With stock prices at record highs, I thought it might be interesting to go back and see what the S&P 500 index has done during my conscious lifetime.
In May of 1973, I got my first job in the private sector after I received an early out from the Air Force following the end of the Vietnam War. I went to work for the largest bank in Texas, in Dallas, and began to think about all things financial like how could I afford a house? How could I save for retirement? How would we afford kids? How could I afford their college education?
That is when I got serious about investing and, in particular, investing in the stock market. The S&P index, which takes into account the largest 500 companies by market cap, was at 107.20 in May of 1973. As I write, it stands at 2,477.
I had always read and been advised that the stock market was the best place to be, particularly for younger people since that is where historically the greatest returns had been earned. I went back and looked at how long it had taken to double the index in my lifetime and found the following:
S & P 500 Index
May 1973: 107.20
February 1986: 219.40
February 1993: 441.70
June 1997: 876.29
November 2013: 1,784.54
July 2017: 2,477
Some observations on those numbers are in order. While I have been invested in the market, it has more than quadrupled. It took 13 years for the index to double from May of 1973 to Feb. of 1986. It doubled again in just seven years from 1986 to 1993, and then doubled again by June of 1997. Then, it took 16 years to double from 1997 to 2013. It also tells me something else: I have been fortunate to live in pretty prosperous times.
Clearly, the market has performed really well in my lifetime. I have benefitted greatly from the runup in stock values and having invested early in my career was one of the best things I did. It is also proof that saving early in life is fortuitous.
Having said the foregoing, it has been a volatile road along the way. Stock prices have not just increased year after year. If you simply look at the S&P 500 index in this century, you can see some pretty significant swings. The human psyche is interesting, we sometimes forget what has happened, but let me take a moment to reflect on the last 17 years for this index. Let’s look at some relatively recent dates, what the index was and what happened:
March 24, 2000: The S&P 500 closed at 1,553 at the height of the dot-com bubble.
Oct. 9, 2007: The S&P closed at a record high of 1,565, 12 points higher than seven years prior just before the 2008 financial crisis.
March 9, 2009: The S&P closed at 677, the low during the financial crisis.
March 28, 2013: The S&P closed at 1,569, surpassing the record attained in 2007.
Aug. 28, 2014: The S&P closed above 2,000 for the first time.
July 25, 2017: The S&P closed at 2,477.
As can be seen from the foregoing, in just the last 17 years, the S&P has fluctuated wildly. The dot-com bubble, the financial crisis of 2008 and the long bull market since March of 2009 have all affected the index. From 2000 to 2013, the market was essentially at the same level with huge volatility in between.

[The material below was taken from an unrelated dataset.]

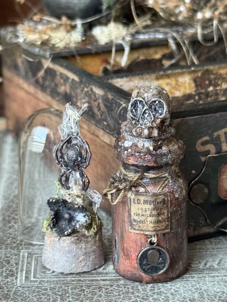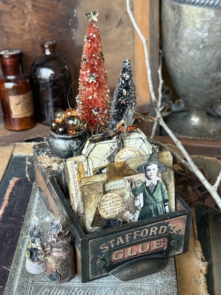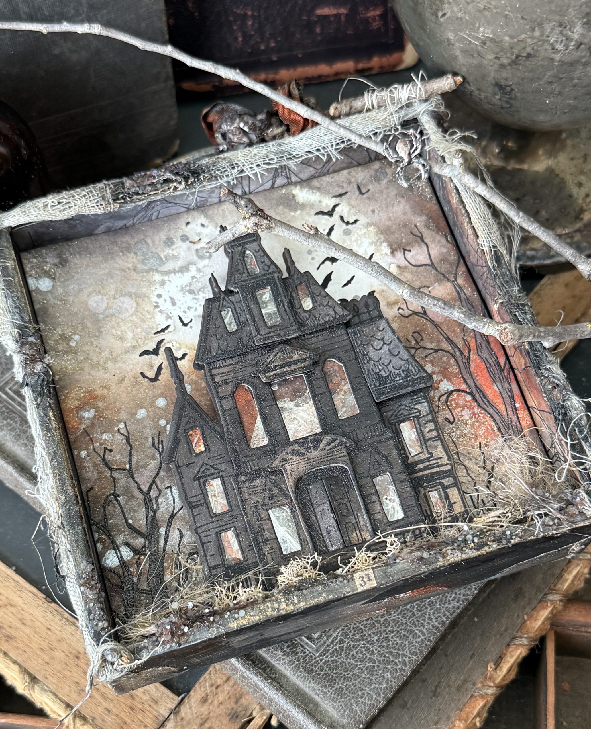 12. Things that go Bump in the NIght- A Haunted House Vignette- featured on my blog September 2025, please click HERE to see additional photos. This vignette was created using new dies from Tim Holtz and Simon Says Stamp. It features layers of inky die cut pieces, broken mica tiles for windows and was created within a Large idea-ology Square Vignette. Inky handmade papers, ribbons, mummy cloth, a creepy spider hanging from a found stick and drawer pull add to the vintage feel of the piece. It’s sure to add a victorian creepiness to your Halloween decor. – $125 (approx. size 5.5″x5.5″)
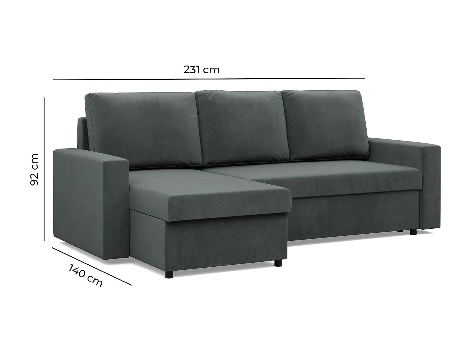 Canapé d'angle avec fonction couchage, Bonell, Noir

While valuations are quite high, I still believe the best place to be is the stock market. I have no official accreditation or certification to say this to you. It is a personal opinion. You can see from the data above that long-term investors have been rewarded. It is adamant that one start investing early in life and stick with it even though the road to your reward may be bumpy and downright scary at times. The stock market will once again experience corrections, experience a bear market but will invevitably rebound and reach new highs.
Jeff MacLellan is retired from Landmark Bank. He spent 37 years in banking, and has been tracking local economic indicators since he came to Columbia in 1987.